Three hundred seventy-six men had Gleason 2 to 6 and CAPRA 0 to 2 (low risk), and 90 had Gleason 7 and/or CAPRA 3 to 5 (intermediate risk). Two percent of the CAPRA 0 to 2 men had Gleason 3+4 tumors, and 74% of CAPRA 3 to 5 men had Gleason ≤ 6 tumors. Mean age at diagnosis was 62.8 ± 8.1 years (standard deviation). Eighty-two percent of the participants were white. Intermediate risk men were older (64.9 v 62.3 years; P < .01) and had higher PSA values (10.9 v 5.1 ng/mL; P < .01) and greater tumor involvement (20.4% v 15.3% positive biopsy cores; P < .01) than low-risk men. Other clinical characteristics by risk group are described in Table 1. Median follow-up since diagnosis was 47 months (range, 12 to 182 months) for low-risk men and 51 months (range, 14 to 140 months) for intermediate-risk men.

Table 1.
Patient Characteristics at Time of Diagnosis

Twenty-four percent of men underwent diagnostic biopsy at UCSF and 76% at outside institutions; follow-up biopsies were performed at UCSF. Biopsy surveillance of the intermediate group was somewhat less complete: at least one repeat biopsy was performed in 313 low-risk men (83%), with 111 (35%) upgraded to Gleason 7 or higher. In contrast, 63 intermediate-risk patients (70%) underwent rebiopsy, of whom 19 (30%) were upgraded and none were downgraded (Table 2). PSA velocity appeared higher among intermediate- versus low-risk men (mean, 0.32 v 0.14 ng/mL/yr), but this was not statistically significant, nor were differences in the proportions of patients experiencing PSADT ≤ 2 years (7% v 5%; P = .54) or ≤ 3 years (10% v 11%; P = .80). Thirty-percent of low-risk and 35% of intermediate-risk men underwent active treatment within 4 years of diagnosis (log-rank P = .88). Selection of different treatment types did not vary significantly between risk groups (Table 2).

Table 2.
4-Year Disease Progression During Active Surveillance

The number of clinical assessments in follow-up did not vary between the low- and intermediate-risk groups: median assessments were nine (range, three to 32) and nine (range, three to 17), respectively (P = .92). Number of PSAs were likewise similar: median of seven (range, two to 30) and seven (range, two to 13), respectively (P = .55), as were number of biopsies: median of two (range, one to seven) and two (range, one to six), respectively; and duration of follow-up: median of 47 (range, 12 to 182) and 51 months (range, 14 to 140), respectively (P = .59). However low-risk patients were more likely to have at least two repeat biopsies (47%) compared with intermediate-risk patients (37%; P = .01). Median time interval between surveillance biopsies did not vary significantly between the low-risk (13 months) and intermediate-risk groups (14.5 months; P = .2).
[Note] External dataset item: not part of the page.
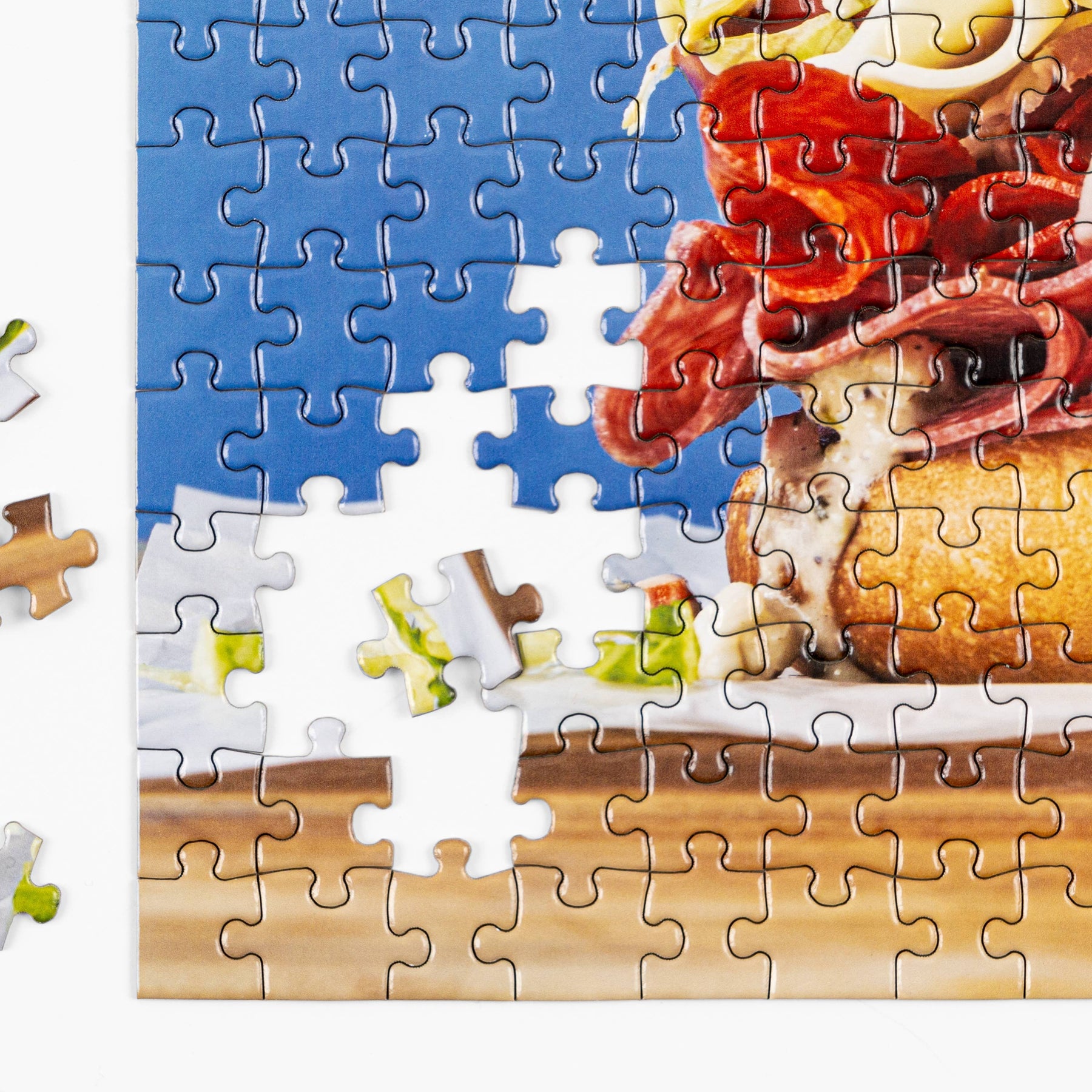 Call it a hoagie, call it a grinder, call it a sub—whichever way you slice it (or stuff it), nothing beats a world-class Italian sandwich. This sumptuous sandwich, star of New York Times bestselling author Dan Pelosi's cookbook, Let's Eat, is layered with salami, pepperoni, capicola, prosciutto, provolone, then topped with lots of fixins (don't forget the shredded lettuce!) and all the condiments. It presents a delicious solving experience and, once completed, a display worthy of any deli counter showcase! Includes complete recipe from Dan Pelosi to make your own big Italian Sandwich!

Progression-free survival, defined as no upgrade, no PSADT ≤ 2 years, and no active treatment, did not differ by clinical risk group: 54% of low-risk and 61% of intermediate-risk men were progression free at 4 years (log-rank P = .22; Fig 1). When progression was redefined using the threshold of PSADT ≤ 3 years, 52% of low-risk versus 61% of intermediate-risk men were progression free at 4 years (log-rank P = .13). No association between risk group and progression (using either PSADT definition) was found using Poisson regression modeling adjusted for number of biopsies.

Fig 1.
Kaplan-Meier curves illustrating time to progression for patients with low- and intermediate-risk prostate cancer initially electing active surveillance.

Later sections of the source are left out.